Despite a solid strategy, the arcade still faced a major operational hurdle: cooperative ownership. The Cranston family, which operated not only tea shops but also nonalcoholic hotels, had sold off individual storefronts over time, leaving the arcade owned by some three dozen owners. Maintenance was neglected for the past 25 years or so, says Kyron Keogh, chairman of the owners’ committee and co-owner of jeweler Rox. When Jones Lang LaSalle took over as property manager in 2008, a survey uncovered multiple problems, particularly with drainage and the roof. So many sections of the roof leaked that some of the owners had to put out buckets when it rained. “On the west coast of Scotland, that’s a problem,” said Niall Robertson, the Jones Lang LaSalle associate director who conducted the survey.

Convincing the owners that something had to be done was not difficult. “There was no choice — it had to be done, from a health and safety point of view,” said Simon Porter, representing the fifth generation of Porters to man the counter of James Porter & Son, the Argyll’s oldest jeweler. Helping sweeten the otherwise bitter pill was the participation of the Glasgow City Heritage Trust, which pitched in with £200,000 in grants.

Much of the work done was hidden from view, but the repairs did yield some plainly visible benefits as well. While investigating the roof, for instance, Robertson had pulled up the plywood and uncovered some ornamental iron grillwork panels that had been unseen for decades.

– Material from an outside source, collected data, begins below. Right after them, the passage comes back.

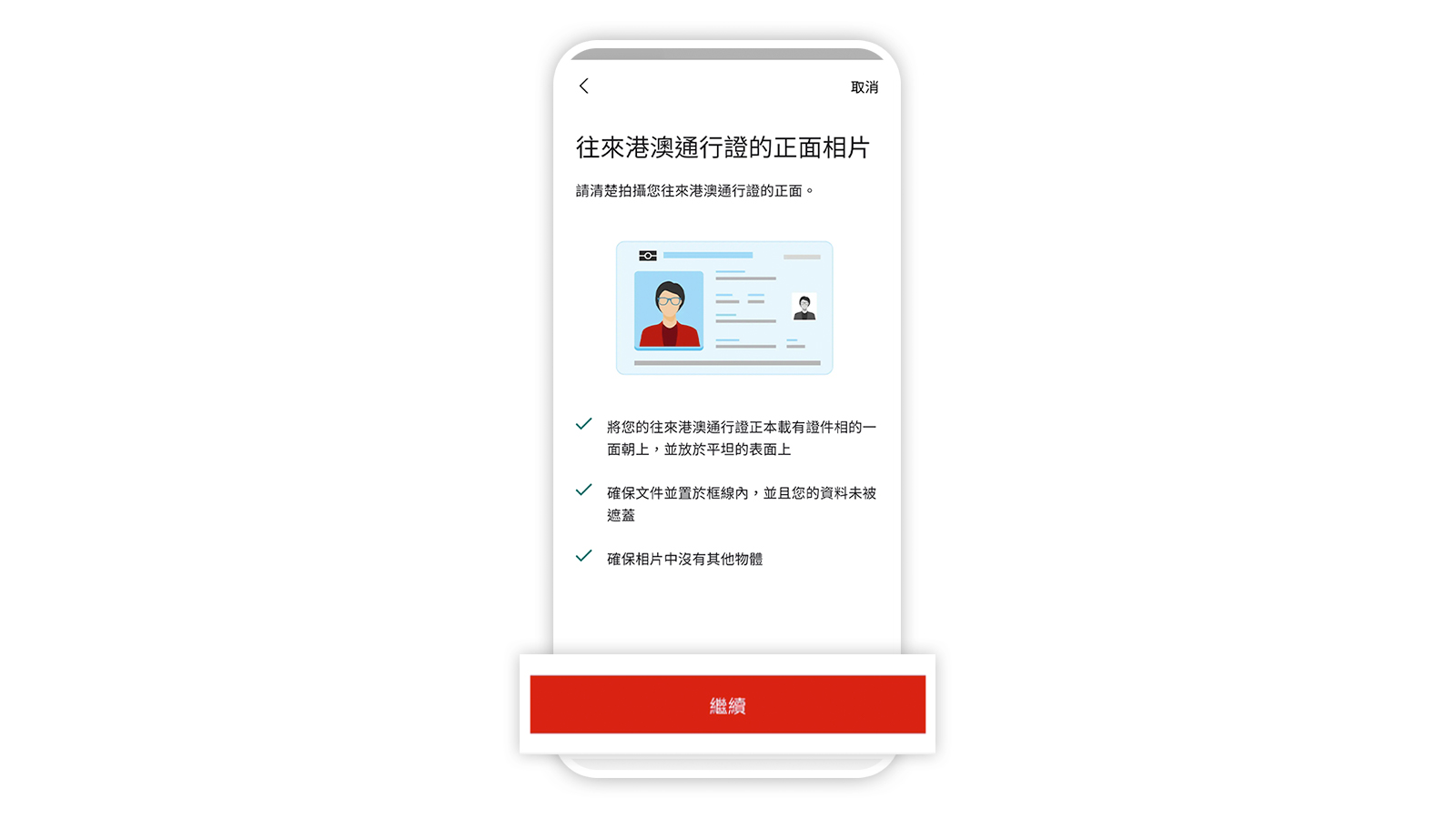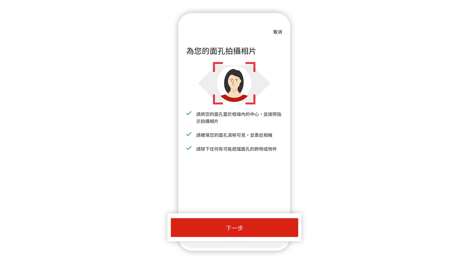 只需使用有效且適用的香港身份證/護照 / 往來港澳通行證及自拍照登記一次,即可開始使用HSBC HK App。您可按照以下貼士,輕鬆完成拍攝。
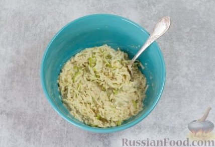 4 Еще раз все тщательно перемешайте. При таких пропорциях компонентов яблочные драники получатся чуть сладковатыми, однако больше сахара добавлять не стоит, иначе они будут подгорать.
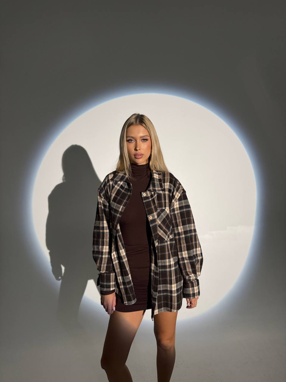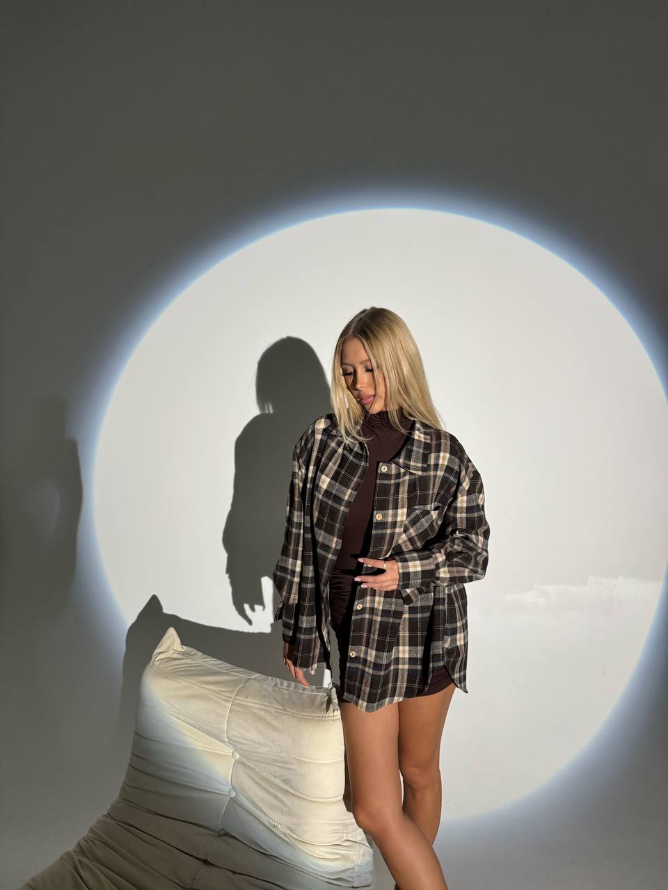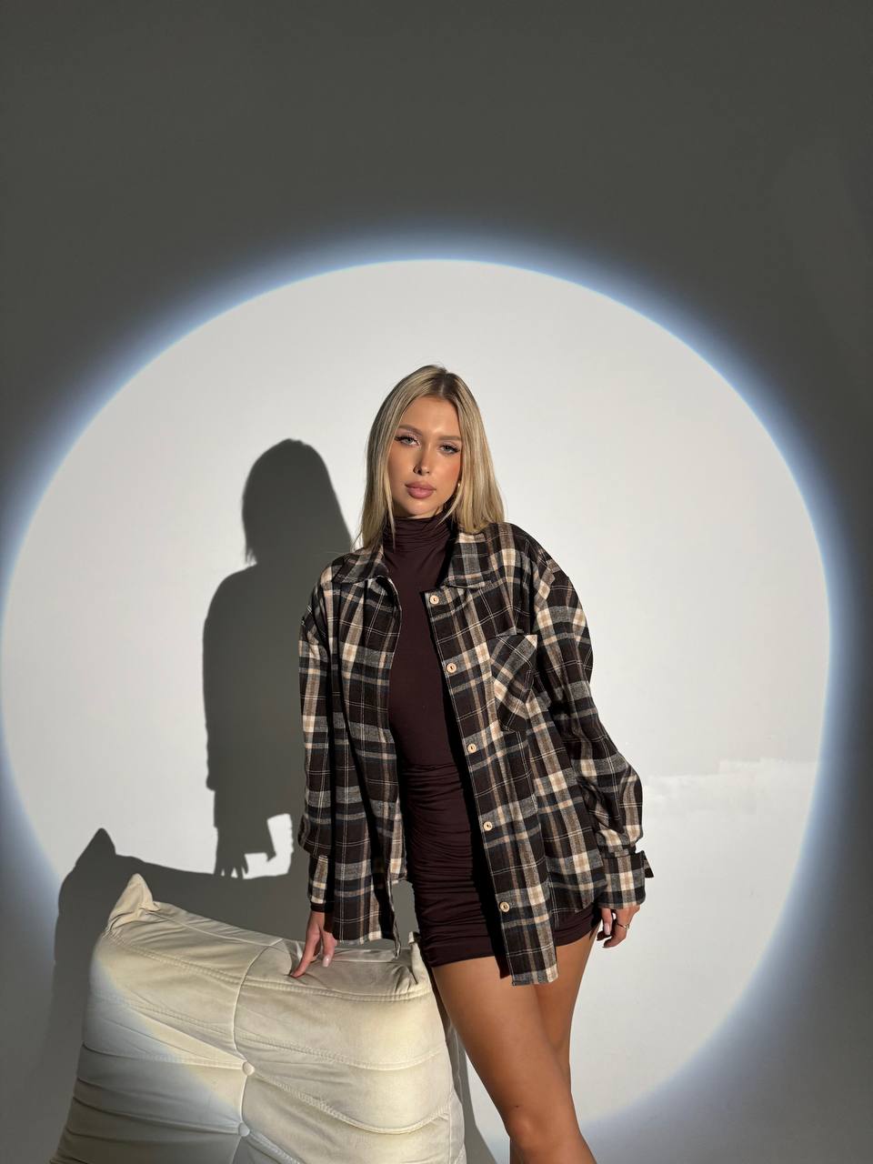 Oversize’owa koszula w odcieniach czekolady – idealna do luźnych, codziennych stylizacji. Świetnie wygląda narzucona na top i szerokie jeansy, tworząc nonszalancki, miejski look.
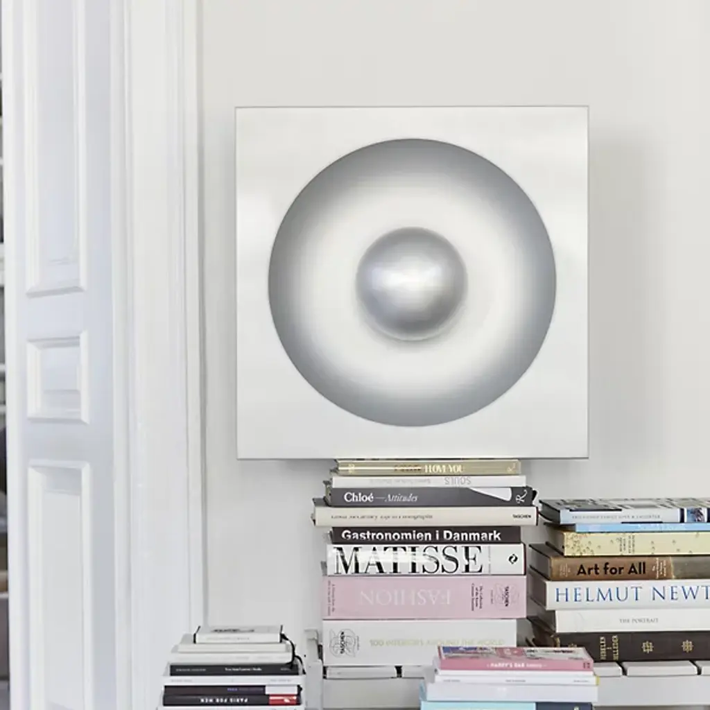The Spiegel Wall Sconce from Verpan is designed by Verner Panton. This art piece is famous for its inclusion in Der Spiegel Publishing House in Hamburg, 1969. It is defined by its hemispheric look and avant-garde aesthetic. Composed of aluminum, it features a glass shade that emanates LED light. Spiegel comes with an on/off cord switch for easy control. It exudes architectural lair and is dimmable using a separately sold ELV dimmer.
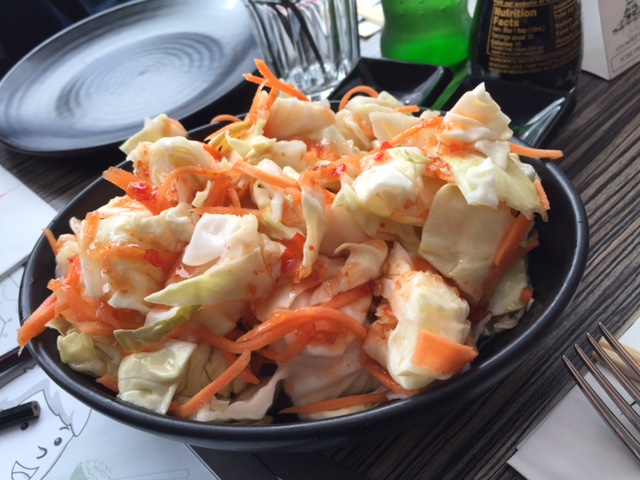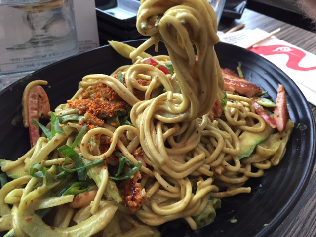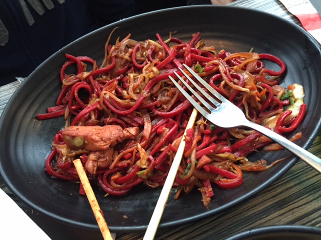 עשן אדום – אטריות ביצים אדומות (לא חריף) עם פרגית מעושנת, נתחי עוף, כרוב, נבטים, גזר ובצל סגול, כיכב כאן, למעשה זו המנה האהובה עלי, רק שהיא לא נטולת גלוטן.

Restoring the pre-Victorian-era decor may return the arcade to its origins visually, of course, but in other respects the owners are trying to change with the times. Cranston’s tea shop, for example, is back — sort of. Rox has rechristened the second-floor space the Diamond Bar, and the shop’s associates invite customers to share a cup of coffee or glass of champagne in the airy, skylit space. “It adds a bit of theater,” said Keogh. And as Reid proved nearly two centuries ago, theater is a sales element that is not to be underestimated.

This story is from the June 2011 issue of Shopping Centers Today.